Black Hole Fires Gas 'Bullets' Into Space

Very Long Baseline Array
These images, taken by the Very Long Baseline Array radio telescope, show two gaseous bullets launching from the black hole binary H1743-322 (circled) in June 2009. (Image credit: NRAO and NASA's Goddard Space Flight Center)

Astronomers have captured the moment when a black hole launched super-fast "bullets" of gas into space at one-quarter the speed of light, a new study reports.

The black hole blasted out the gaseous bullets back in June 2009, and NASA's Rossi X-ray Timing Explorer (RXTE) satellite and the ground-based Very Long Baseline Array (VLBA) radio telescope were able to watch the drama unfold.

"Like a referee at a sports game, we essentially rewound the footage on the bullets' progress, pinpointing when they were launched," Gregory Sivakoff, of the University of Alberta in Canada, said in a statement. "With the unique capabilities of RXTE and the VLBA, we can associate their ejection with changes that likely signaled the start of the process."

Sivakoff presented the findings Tuesday (Jan. 10) at the American Astronomical Society meeting in Austin, Texas. [Photos: Black Holes of the Universe]

A black hole outburst

In the new study, researchers analyzed the mid-2009 outburst of a binary system called H1743–322, which is located about 28,000 light-years away toward the constellation Scorpius.

This system is composed of a normal star and a black hole, both of whose masses are unknown but appear to be middling. They're so close together that the black hole pulls a continuous stream of matter from its stellar companion, forming an accretion disk millions of miles across.

As this matter swirls inward, it is compressed and heated to tens of millions of degrees — so hot that it emits X-rays. In addition, some of the infalling matter gets booted out of the accretion disk as dual, oppositely directed jets.

These jets usually contain a steady flow of particles, but they occasionally morph into more powerful outflows that hurl huge blobs of gas into space at incredible speeds, researchers said.

H1743–322 underwent such a transition in early June 2009. And RXTE, the VLBA and a few other observatories around the world looked on, capturing the accompanying changes in the system's X-ray and radio emissions.

These emissions were steady from May 28 through June 2. The radio component had faded significantly by June 4, only to increase the next day — the same day a bright, radio-emitting bullet of gas racing outward from the system in the direction of one of the jets.

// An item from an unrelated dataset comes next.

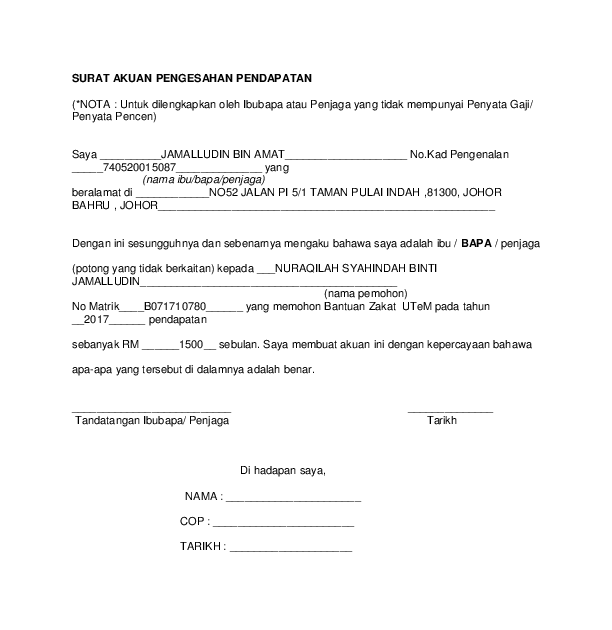 Contoh Surat Akuan Pengesahan Pendapatan Bagi Yang Bekerja Sendiri Gantikan Slip Gaji Edu Bestari from edubestari.com We did not find results for: Maybe you would like to learn more about one of these? Check spelling or type a new query. Gaji contoh surat pengesahan pendapatan.

A second bullet, moving in the opposite direction at 25 percent the speed of light — about 168 million mph (270 million kph) — was observed on June 6.

Astronomers had previously associated the onset of the radio outburst with the bullet ejections, researchers said. However, the new study determines the bullets were actually fired off several days earlier, on June 3.

"This research provides new clues about the conditions needed to initiate a jet and can guide our thinking about how it happens," said Chris Done, an astrophysicist at the University of Durham in England, who was not involved in the study.

Jets on a galactic scale

The new study could shed light on what happens at the heart of active galaxies, which also harbor jet-spewing black holes, though on a much larger scale. These supermassive black holes can be billions of times more massive than our sun, and they can drive enormous outflows extending over millions of light-years, researchers said. "Black hole jets in binary star systems act as fast-forwarded versions of their galactic-scale cousins, giving us insights into how they work and how their enormous energy output can influence the growth of galaxies and clusters of galaxies," said lead researcher James Miller-Jones of Curtin University in Perth, Australia.

The study will appear in an upcoming issue of the Monthly Notices of the Royal Astronomical Society.